> Task objective:
From the entries below, return exactly the lines beginning at the one that contains "通過大量案例快速介紹Pyth" and ending at the one that contains "周冬雨凭借《少年的你》中的陈", both of them included, and only those lines.

> Data to use:
>>>

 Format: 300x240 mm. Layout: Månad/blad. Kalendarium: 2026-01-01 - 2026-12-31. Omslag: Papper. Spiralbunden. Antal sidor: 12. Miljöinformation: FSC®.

<<<
>>>

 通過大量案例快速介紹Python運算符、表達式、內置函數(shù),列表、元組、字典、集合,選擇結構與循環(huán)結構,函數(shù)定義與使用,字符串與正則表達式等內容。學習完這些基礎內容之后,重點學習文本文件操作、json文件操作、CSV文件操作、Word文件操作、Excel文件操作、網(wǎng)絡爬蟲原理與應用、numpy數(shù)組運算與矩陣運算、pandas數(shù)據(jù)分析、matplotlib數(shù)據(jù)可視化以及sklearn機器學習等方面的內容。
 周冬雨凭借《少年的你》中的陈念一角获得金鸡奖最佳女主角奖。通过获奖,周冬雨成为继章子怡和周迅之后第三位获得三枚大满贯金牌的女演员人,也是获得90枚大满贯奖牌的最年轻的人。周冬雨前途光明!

<<<

> Solution to this exercise:
 通過大量案例快速介紹Python運算符、表達式、內置函數(shù),列表、元組、字典、集合,選擇結構與循環(huán)結構,函數(shù)定義與使用,字符串與正則表達式等內容。學習完這些基礎內容之后,重點學習文本文件操作、json文件操作、CSV文件操作、Word文件操作、Excel文件操作、網(wǎng)絡爬蟲原理與應用、numpy數(shù)組運算與矩陣運算、pandas數(shù)據(jù)分析、matplotlib數(shù)據(jù)可視化以及sklearn機器學習等方面的內容。
 周冬雨凭借《少年的你》中的陈念一角获得金鸡奖最佳女主角奖。通过获奖,周冬雨成为继章子怡和周迅之后第三位获得三枚大满贯金牌的女演员人,也是获得90枚大满贯奖牌的最年轻的人。周冬雨前途光明!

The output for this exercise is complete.